# Database scripts

The SorryDB database is created using a number of python scripts that use `git`, `lake
build`, and the Lean `REPL` to collect sorries from Lean repositories. Below we provide
instructions for setting up and managing your own database, e.g. for scraping your own repository.

> [!NOTE]
> We are currently developing a more robust CLI for SorryDB.
> The main database functions (`init`, `update`, and `deduplicate`) are run through the `sorrydb` CLI tool.
> Other functionality is accessed by directly running python scripts.

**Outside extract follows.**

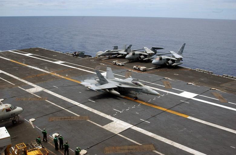 | Keywords: US Navy 030602-N-3241H-010 An F-A-18C Hornet makes the first arrested landing following a recently applied non-skid landing area in Apra Harbor, Guam.jpg  en Philippine Sea Jun 2 2003 -- An F/A-18C Hornet from the Black Knights of Marine Strike Fighter Squadron Three One Four VMFA 314 makes the first arrested landing following a recently applied non-skid landing area in Apra Harbor Guam The Carl Vinson Carrier Strike Group has been extended on deployment in the Western Pacific while Kitty Hawk is conducting scheduled maintenance at her forward-deployed operating location in Yokosuka Japan U S Navy photo by Photographer's Mate Airman Dustin Howell RELEASED 2003-06-02 030602-N-3241H-010 Navy http //www navy mil/view_image asp id 7886 U S Navy photo by Photographer's Mate Airman Dustin Howell PD-USGov-Military-Navy Aboard USS Carl Vinson CVN-70  |

## Building a database instance

### 1. Obtain a list of repositories

To initialize a database file, one needs a json with a list of repositories to
monitor. See [`sample_repo_list.json`](sample_repo_list.json) for a sample.

One can also generate a list of repositories from the Lean
[Reservoir](https://reservoir.lean-lang.org/packages) using the
`scrape_reservoir` script. Running

`poetry run sorrydb/cli/scrape_reservoir.py --updated-since 2025-01-01
--minimum-stars 10 --output repo_list.json`

will generate a json file containing all Lean repositories listed on reservoir
that have been updated since Jan 1, and have at least 10 GitHub stars.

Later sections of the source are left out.